Working History of the Leopard Tank

Leopard Tanks entered service with the Australian Defence Force in 1977 and were operated by the 1st Armoured Regiment. The tanks were initially purchased to replace the British Centurions which had served since 1952 and had been deployed during the Vietnam War.

The Leopard AS1 Tanks served for over 30 years, playing a central role in meeting the nation’s defence needs, however their guns were never fired in combat operations.

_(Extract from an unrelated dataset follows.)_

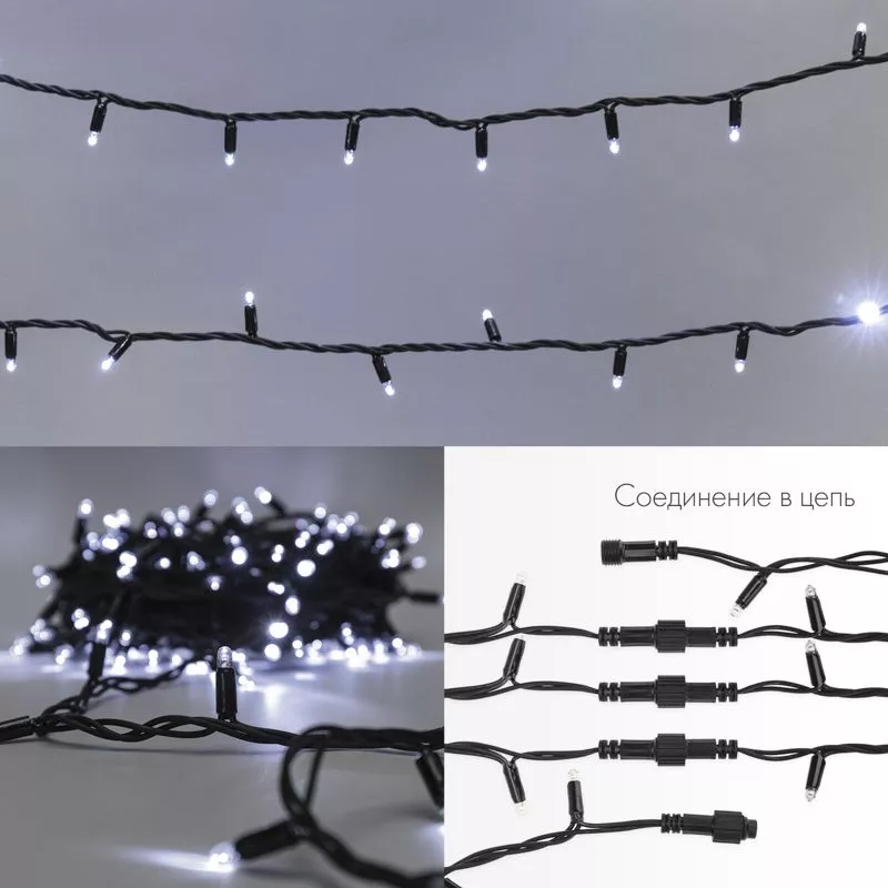 Гирлянда светодиодная Нить 20м 200 LED БЕЛЫЙ черный каучук IP67 эффект мерцания 230В соединяется нужен блок 315-000 NEON-NIGHT

30 of these tanks have been decommissioned and offered to RSLs across the country with 1 allocated to Woodford and another to Bribie Island branches.

Quick Leopard Facts

Engine: Daimler Benz MB838 V10 cylinder, 4 stroke diesel, 610 kW (830hp) at 2200 rpm

Gearbox: ZF 4HP 250 with four forward speeds and two reverse speeds

Fuel Capacity: 950lt

Max speed: 62km/hr

Range: 500km

Max Vertical obstacle: 0.91m

Max trench: 3m

Max fording depth unprepared: 1.2m

Max fording depth prepared: 4m

Dimensions & Displacement

Weight: 42 400kg

Length: 9.54m (gun forward)

Width: 3.37m

Height: 2.62m (top of sight)

Ground Clearance: 0.44m


Main Armament: 105mm L7A3 QF gun

Ammunition: 59 rounds (17 in turrent and 42 in hull)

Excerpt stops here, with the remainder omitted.